◆ **Source data**
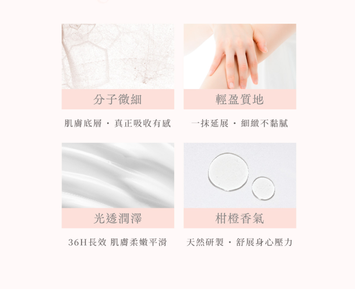 分子細小肌膚極快速吸收/添加玫瑰籽&橄欖精華油/無油脂黏膩感/搭配按摩去水腫/ 清新柑橙香氣
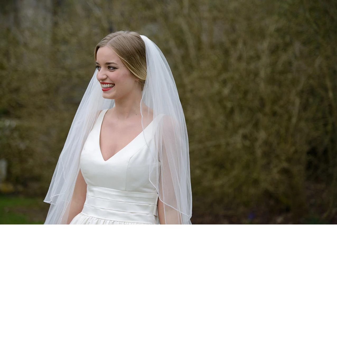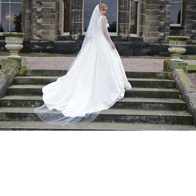 Knightsbridge is the perfect full length Swarovski veil for the bride who wants to be the centre of attention on her wedding day -all the detail for this stunning veil is along the edges and on the train.
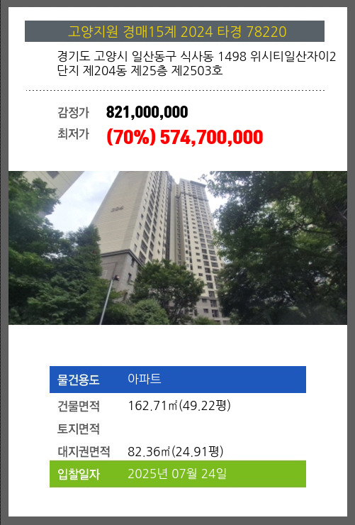 본건은 경기도 고양시 일산동구 식사동 1498 위시티일산자이2단지 제204동 제25층 제2503호
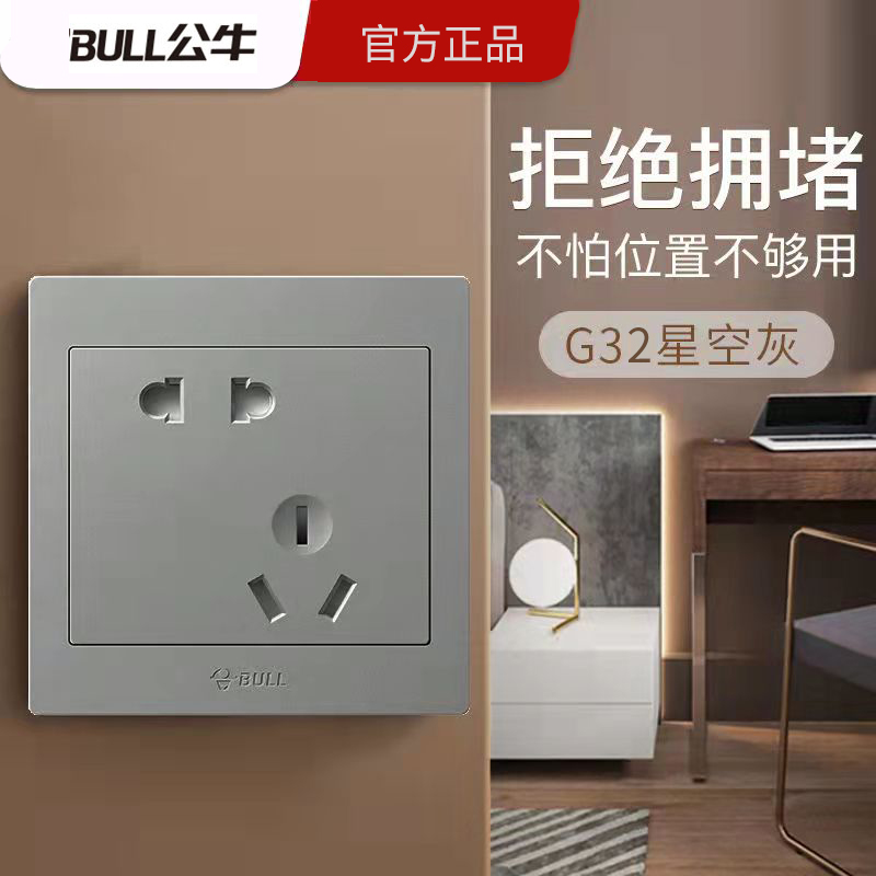 Bull socket 86 type switch home panel gray one open usb5 five-hole hidden wall porous whole house package
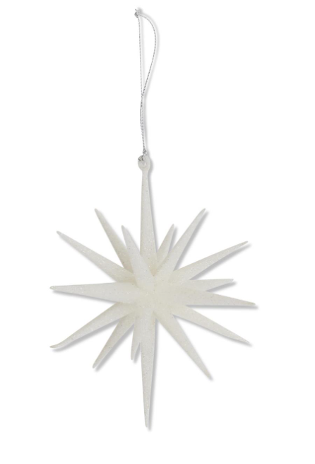 The 6-inch White Glitter Star Ornament features a sparkling design that adds a touch of elegance to any festive setting. Its versatile style makes it suitable for both traditional and contemporary holiday décor.
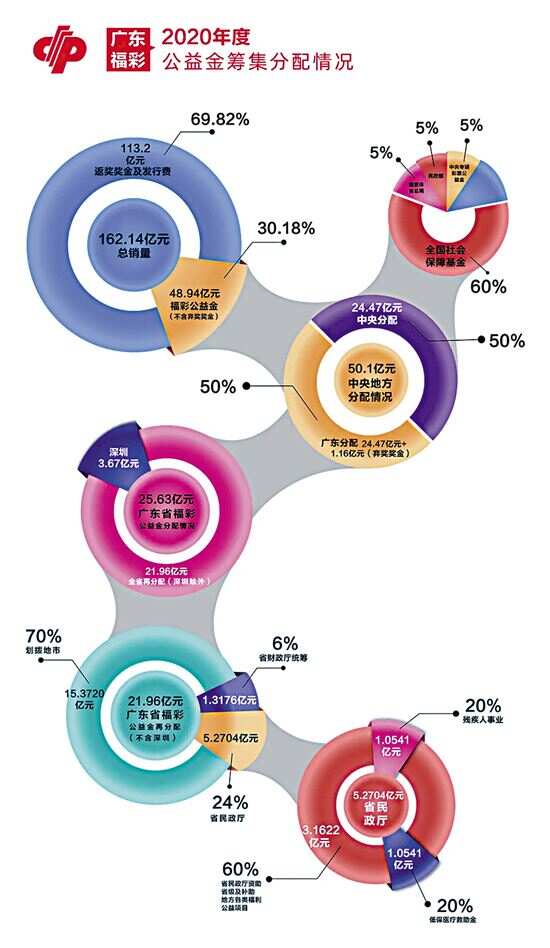 广东福彩发布2020年度社会责任报告 新快报讯 记者记者陆妍思 通讯员莫冠婷 杨端华报道 7月27日,广东省福利彩票发行中心发布《2020年度社会责任报告》(下称《报告》)。这是广东福彩中心自2014年起连续第7年发布社会责任报告。《报告》围绕“落实政治责任、组织治理责任、发行销售责任、非理性购彩行为的预防与干预、员工与零售商责任、政府责任、公众责任、其他社会责任”共8个方面,全面详实地展示了广东省福利彩票社会责任建设工作的实践和成效。 一份答卷: 2020年筹集福彩公益金50.1亿元 《报告》显示,自1987年12月18日在广东销售第一张福利彩票以来,全省福彩系统始终坚持“扶老、助残、救孤、济困”的发行宗旨和“公平、公正、公开、公信”的发行原则,以创新求发展,以规范保安全,走出了一条具有广东特色的福利彩票发展之路。1987年至2020年,广东福彩筹集了福利彩票公益金771.8亿元,用于资助全省各类福利事业项目3万多个,为社会福利和社会公益事业的发展作出了重大贡献。 2020年,广东省共销售福利彩票162.14亿元,筹集福彩公益金50.1亿元(含弃奖),筹集率达30.9%,代扣代缴个人偶然所得税额3.01亿元。 “十三五”期间,全省累计销售福利彩票1039亿元,比“十二五”期间增长127亿元,连续13年夺得全国福彩销售桂冠,保持全国福彩工作领先地位。 一份责任: 坚持防疫复市“两手抓”、防疫销售“双促进” 2020年,受新冠肺炎疫情影响,广东福彩坚持人民至上、生命至上,坚持防疫复市“两手抓”,坚持防疫销售“双促进”,有力克服了疫情冲击等多重不利影响,在特殊环境下全力保障福利彩票从业人员和广大购彩者的身体健康和生命安全,切实维护福利彩票销售工作安全有序进行。 疫情期间,省、市福彩系统精准发力为投注站减负,发放专项疫情补贴合计2768.4万元,全力保障实体渠道稳定。 其中,省福彩中心向全省8892个福彩实体店发放了1778.4万元疫情防控专项补贴,每个站点补贴2000元;广州、汕头、韶关、河源、惠州、东莞、江门、佛山、湛江、清远、潮州等11个市福彩中心,定向站点发放疫情补贴990万元。 随着疫情防控进入常态化,全省福利彩票场所稳步推进有序恢复销售。为鼓舞各地投注站点信心士气、培育队伍竞争力,广东福彩系统开展形式多样的培训和活动。根据中福彩中心要求,制定中国福利彩票双色球销售技能擂台赛广东省配套方案,安排250万配套资金扩大奖励范围,通过“以奖代补,以赛代补” 帮扶站点。此外,2020年7月,组织省、市福彩中心和福彩投注站参加全国福利彩票营销创意系列比赛,广东入围17个优秀作品。其中荣获一等奖2个、二等奖1个、三等奖14个。 一份关切: 积极引导彩民理性购彩 广东福彩倡导“多人少买、寓募于乐、重玩轻博、理性投注”的绿色购彩理念,引导购彩者理性购彩,不断弘扬“公益、慈善、健康、快乐、创新”的福彩文化。 各地销售网点在醒目位置张贴着“理性购彩,量力而行”“警惕非法彩票陷阱,保障彩民自身权益”等公益主题宣传海报、手册等资料,将理性购彩理念植入购彩者心中;此外,广东福彩安排专人每天对全省大额投注情况进行跟踪,做好福利彩票大额投注的监控和干预。 为积极回应社会关切,2020年,福彩服务热线全年累计接听来电咨询6049次。此外,自2013年起,与广东广播电视台共同开办“福彩爱心 社工服务 星空连线”广东社工服务热线,就彩民的疏导、社会关注的特殊群体和热点话题展开访谈;同时开展“大爱有声社工行动”“福彩社工日”“广东社工服务微电影(微视频)大赛”等系列活动,节目至今开播7年,获社会广泛关注及肯定。 2020年国庆节期间,全新开业亮相的福利彩票投注站凭着独特的体验成为广州超级文和友打卡旺地。除了在店面销售彩票外, 福利彩票店还拓展了驻点销售、巡游销售等新颖模式。广州超级文和友是以95后、00后客户群为主的网红打卡点,年轻人在这里感受到了日行一善的快乐。 一份初心: 1.8亿多元支持经济欠发达地区社会福利事业 自发行以来,广东福彩时刻牢记福彩公益慈善初心,始终秉持福利彩票“扶老、助残、救孤、济困”的发行宗旨,积极筹集福彩公益金资助社会福利事业和公益事业,并安排专项福彩公益活动费用开展形式多样的公益活动,让千千万万困难群众走出困境、改变人生,同时为推动社会福利和慈善事业发展、构建“共建、共享、共治”的社会治理新格局作出积极贡献。 福彩公益金实行“收支两条线”管理,分配使用遵循“扶老、助残、救孤、济困”的宗旨,按照科学、合理、公平、公正的原则,统筹考虑区域发展、人口数量、建设规模等因素,确定项目补助标准。2020年,中央和省级彩票公益金合计1.827亿元,用于支持经济欠发达地区社会福利事业。其中,中央彩票公益金安排广东7110万元,支持老年人福利、残疾人福利、儿童福利(孤儿助学)等社会福利事业专项资金3332万元,支持珠海、惠州、云浮市开展居家和社区养老服务改革试点补助资金3778万元;广东安排省级福彩公益金共计1.116亿元,其中补助地市项目资金8532万元、省本级项目资金2628万元,重点用于老年人、残疾人、孤儿、留守及困境儿童、广东社工“双百计划”、救助管理机构设施设备建设、殡葬公共服务设施建设“长青计划”、和谐婚姻建设计划、地名文化建设等

◆ **What is expected**
Please give again the entries word for word, starting at the first line and ending with the line that contains "The 6-inch White"; include both of those lines but none of the pictures.

◆ **Answer section**
 分子細小肌膚極快速吸收/添加玫瑰籽&橄欖精華油/無油脂黏膩感/搭配按摩去水腫/ 清新柑橙香氣
 Knightsbridge is the perfect full length Swarovski veil for the bride who wants to be the centre of attention on her wedding day -all the detail for this stunning veil is along the edges and on the train.
 본건은 경기도 고양시 일산동구 식사동 1498 위시티일산자이2단지 제204동 제25층 제2503호
 Bull socket 86 type switch home panel gray one open usb5 five-hole hidden wall porous whole house package
 The 6-inch White Glitter Star Ornament features a sparkling design that adds a touch of elegance to any festive setting. Its versatile style makes it suitable for both traditional and contemporary holiday décor.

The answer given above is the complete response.